(STORED DATA)
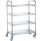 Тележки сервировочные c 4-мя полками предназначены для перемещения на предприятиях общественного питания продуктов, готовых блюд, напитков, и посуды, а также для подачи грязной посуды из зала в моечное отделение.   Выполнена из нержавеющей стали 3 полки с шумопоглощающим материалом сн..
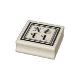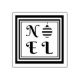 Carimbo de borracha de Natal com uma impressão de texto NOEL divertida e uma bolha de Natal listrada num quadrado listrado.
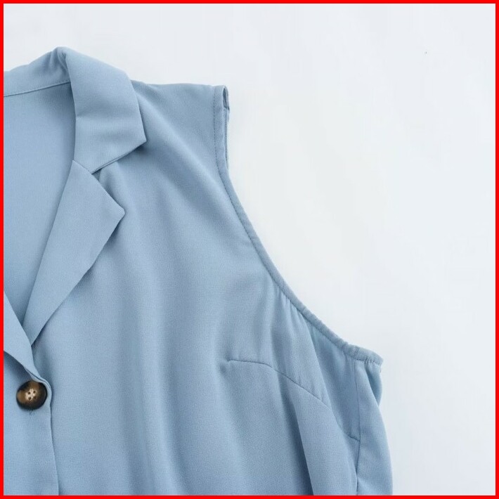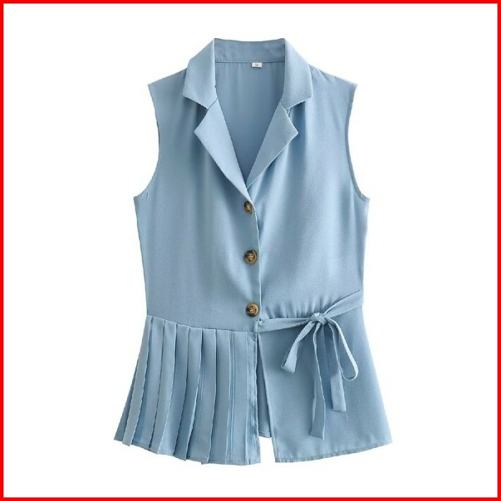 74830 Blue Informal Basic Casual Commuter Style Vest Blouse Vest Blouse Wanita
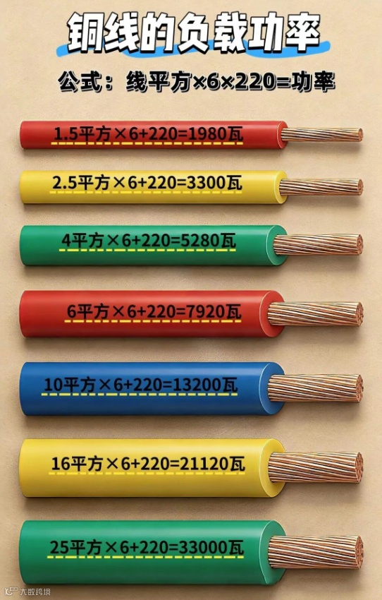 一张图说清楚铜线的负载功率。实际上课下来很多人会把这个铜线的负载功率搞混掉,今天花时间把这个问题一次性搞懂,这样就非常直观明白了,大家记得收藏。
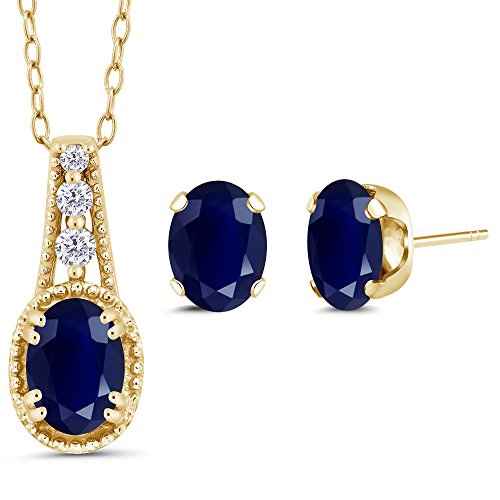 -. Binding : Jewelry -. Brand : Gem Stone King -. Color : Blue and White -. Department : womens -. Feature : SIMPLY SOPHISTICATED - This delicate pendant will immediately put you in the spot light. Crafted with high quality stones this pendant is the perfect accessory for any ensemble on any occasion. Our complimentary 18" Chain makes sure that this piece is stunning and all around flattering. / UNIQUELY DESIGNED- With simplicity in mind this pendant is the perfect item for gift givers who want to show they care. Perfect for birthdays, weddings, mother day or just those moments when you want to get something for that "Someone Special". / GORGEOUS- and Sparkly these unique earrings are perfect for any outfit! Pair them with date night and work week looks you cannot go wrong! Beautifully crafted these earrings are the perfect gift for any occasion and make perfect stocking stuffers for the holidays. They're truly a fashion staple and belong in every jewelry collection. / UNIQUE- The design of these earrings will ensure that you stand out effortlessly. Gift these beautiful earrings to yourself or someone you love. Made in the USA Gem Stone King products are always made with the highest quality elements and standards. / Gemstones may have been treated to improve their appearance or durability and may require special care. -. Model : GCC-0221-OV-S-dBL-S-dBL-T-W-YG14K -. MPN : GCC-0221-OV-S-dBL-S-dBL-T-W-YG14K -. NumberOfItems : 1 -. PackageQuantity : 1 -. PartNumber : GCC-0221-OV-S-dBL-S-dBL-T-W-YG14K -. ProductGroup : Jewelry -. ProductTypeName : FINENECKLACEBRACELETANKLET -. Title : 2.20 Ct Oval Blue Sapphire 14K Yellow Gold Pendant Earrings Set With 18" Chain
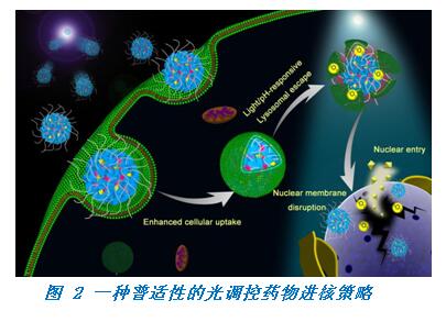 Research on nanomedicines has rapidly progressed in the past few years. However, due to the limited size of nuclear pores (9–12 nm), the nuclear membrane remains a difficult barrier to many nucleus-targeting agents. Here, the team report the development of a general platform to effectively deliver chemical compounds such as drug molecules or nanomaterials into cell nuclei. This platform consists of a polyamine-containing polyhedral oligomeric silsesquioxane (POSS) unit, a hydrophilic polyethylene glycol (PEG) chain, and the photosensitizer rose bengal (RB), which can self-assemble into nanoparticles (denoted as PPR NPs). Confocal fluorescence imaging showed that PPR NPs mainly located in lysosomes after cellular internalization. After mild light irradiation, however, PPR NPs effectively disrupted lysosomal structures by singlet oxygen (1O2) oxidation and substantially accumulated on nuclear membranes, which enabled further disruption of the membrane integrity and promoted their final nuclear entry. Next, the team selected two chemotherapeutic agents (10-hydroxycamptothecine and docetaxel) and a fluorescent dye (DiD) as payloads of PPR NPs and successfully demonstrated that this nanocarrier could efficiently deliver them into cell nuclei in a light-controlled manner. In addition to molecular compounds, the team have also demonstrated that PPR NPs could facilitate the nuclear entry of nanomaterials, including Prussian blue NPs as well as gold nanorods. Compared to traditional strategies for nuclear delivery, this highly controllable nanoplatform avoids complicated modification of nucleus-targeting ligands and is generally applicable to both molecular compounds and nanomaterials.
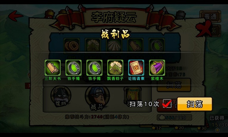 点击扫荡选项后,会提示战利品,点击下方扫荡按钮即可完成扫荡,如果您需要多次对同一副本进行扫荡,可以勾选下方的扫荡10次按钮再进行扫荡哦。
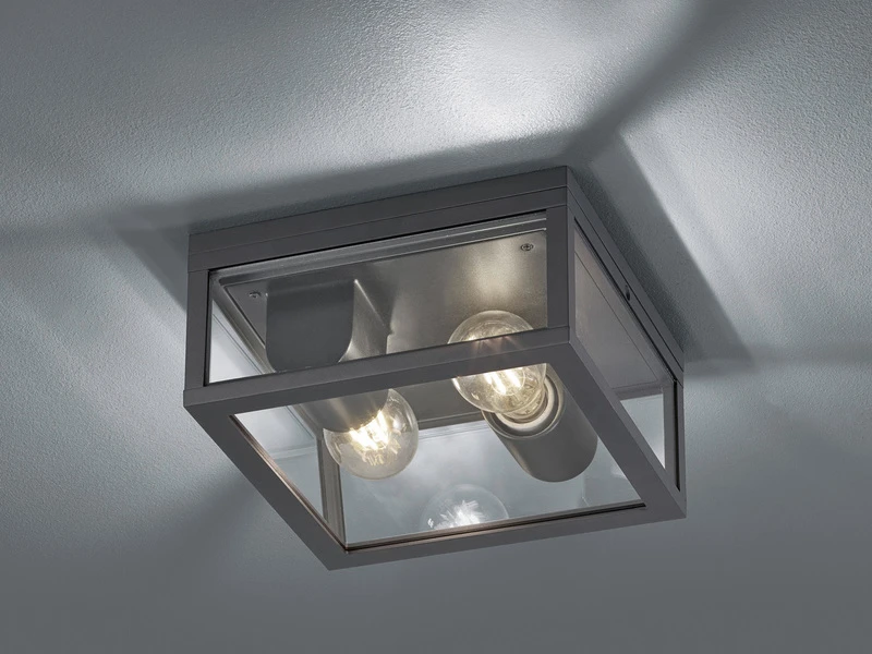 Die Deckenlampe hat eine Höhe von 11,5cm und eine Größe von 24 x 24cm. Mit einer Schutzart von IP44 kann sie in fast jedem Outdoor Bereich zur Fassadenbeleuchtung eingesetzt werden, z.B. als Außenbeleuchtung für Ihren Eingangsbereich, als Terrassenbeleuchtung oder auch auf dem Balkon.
(End STORED DATA)
Write out again, exactly, only the lines from the beginning of the material above to the line that holds "一张图说清楚铜线的负载功率。", both ends included, and no pictures.

 Тележки сервировочные c 4-мя полками предназначены для перемещения на предприятиях общественного питания продуктов, готовых блюд, напитков, и посуды, а также для подачи грязной посуды из зала в моечное отделение.   Выполнена из нержавеющей стали 3 полки с шумопоглощающим материалом сн..
 Carimbo de borracha de Natal com uma impressão de texto NOEL divertida e uma bolha de Natal listrada num quadrado listrado.
 74830 Blue Informal Basic Casual Commuter Style Vest Blouse Vest Blouse Wanita
 一张图说清楚铜线的负载功率。实际上课下来很多人会把这个铜线的负载功率搞混掉,今天花时间把这个问题一次性搞懂,这样就非常直观明白了,大家记得收藏。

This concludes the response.